It would have been better news for firefox if the number of crashes due to faulty hardware were actually much higher! These numbers indicate the vast majority of firefox crashes are actually from buggy software : (
Perhaps you're part of the group driving hardware crashes up to 10% and need to fix your machine.
Edit: more context, I power cycle at least once a week on desktop and the version is typically a bit behind new. I also don't have more tabs open than will fit in the row. All these habits seem likely to decrease crashes.
this may have something to do with the fact that my laptop is from 2017, however.
The hardware bugs are there. They're just handled.
RAM flips are common. This kind of thing is old and has likely gotten worse.
IBM had data on this. DEC had data on this. Amazon/Google/Microsoft almost certainly had data on this. Anybody who runs a fleet of computers gets data on this, and it is always eye opening how common it is.
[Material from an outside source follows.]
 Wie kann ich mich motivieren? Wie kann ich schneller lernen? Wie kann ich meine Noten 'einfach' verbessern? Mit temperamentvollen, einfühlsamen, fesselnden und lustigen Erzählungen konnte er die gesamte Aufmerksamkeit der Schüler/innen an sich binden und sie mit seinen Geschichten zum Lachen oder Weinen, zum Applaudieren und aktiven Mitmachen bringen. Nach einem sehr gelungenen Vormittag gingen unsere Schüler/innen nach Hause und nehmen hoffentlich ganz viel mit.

ZFS is really good at spotting RAM flips.
I agree. Good thing he doesn't back up his claim with any sort of evidence or reasoned argument, or you'd look like a huge moron!
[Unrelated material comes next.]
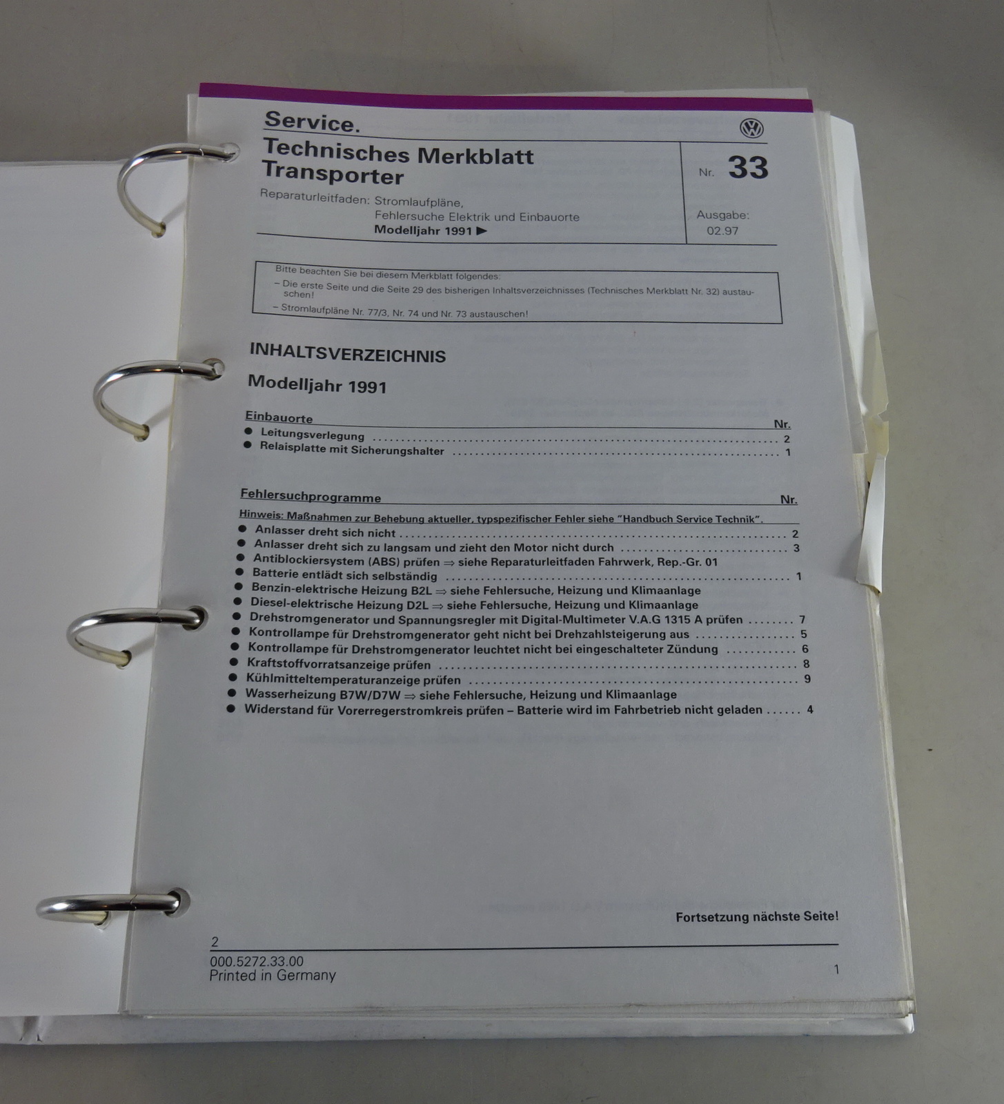 Produktinformationen "Werkstatthandbuch Elektrik / Schaltpläne VW Bus / Transporter T4 Bj. 91 von 1990"

> And because it's a conservative heuristic we're underestimating the real number, it's probably going to be at least twice as much.
The actual measurement is 5%. The 10% figure is entirely made up, with zero evidence or reasoned argument except a hand-wavy "conservative".
Edit: actually, the claim is even less supported:
> out of these ~25000 crashes have been detected as having a potential bit-flip. That's one crash every twenty potentially caused by bad/flaky memory
"Potential" is a weasel word here. We don't see any of the actual methodology. For all we know, the real value could be 0.1% or 0.01%.
> Bold claim. From my gut feeling this must be incorrect; I don't seem to get the same amount of crashes using chromium-based browsers such as thorium.
That's a misinterpretation. The finding refers to the composition of crashes, not the overall crash rate (which is not reported by the post). Brought to the extreme, there may have been 10 (reported) crashes in history of Firefox, and 1 due to faulty hardware, and the statement would still be correct.
Hardware problems are just as good a potential explanation for those as anything else.
Things like [1] will also tell you that something corrupted your memory, and if you see a nontrivial (e.g. lots of bits high and low) magic number that has only a single bit wrong, it's probably not a random overwrite - see the examples in [2].
There's also a fun prior example of experiments in this at [3], when someone camped on single-bit differences of a bunch of popular domains and examined how often people hit them.
edit: Finally, digging through the Mozilla source, I would imagine [4] is what they're using as a tester when it crashes.
[1] - https://github.com/mozilla-firefox/firefox/commit/917c4a6bfa...
[2] - https://bugzilla.mozilla.org/show_bug.cgi?id=1762568
[3] - https://media.defcon.org/DEF%20CON%2019/DEF%20CON%2019%20pre...
[4] - https://github.com/mozilla-firefox/firefox/blob/main/toolkit...
(see: https://github.com/mozilla-firefox/firefox/blob/main/toolkit..., which points to a specific commit in that repo - turns out to be tip of main)
He doesn't explain anything indeed but presumably that code is available somewhere.
I've seen a lot of confirmed bitflips with ECC systems. The vast majority of machines that are impacted are impacted by single event upsets (not reproducible).
(I worded that precisely but strangely because if one machine has a reproducible problem, it might hit it a billion times a second. That means you can't count by "number of corruptions".)
My take is that their 10% estimate is a lower bound.
[1] https://www.corsair.com/us/en/explorer/diy-builder/memory/is...
>> DDR5 technology comes with an exclusive data-checking feature that serves to improve memory cell reliability and increase memory yield for memory manufacturers. This inclusion doesn't make it full ECC memory though.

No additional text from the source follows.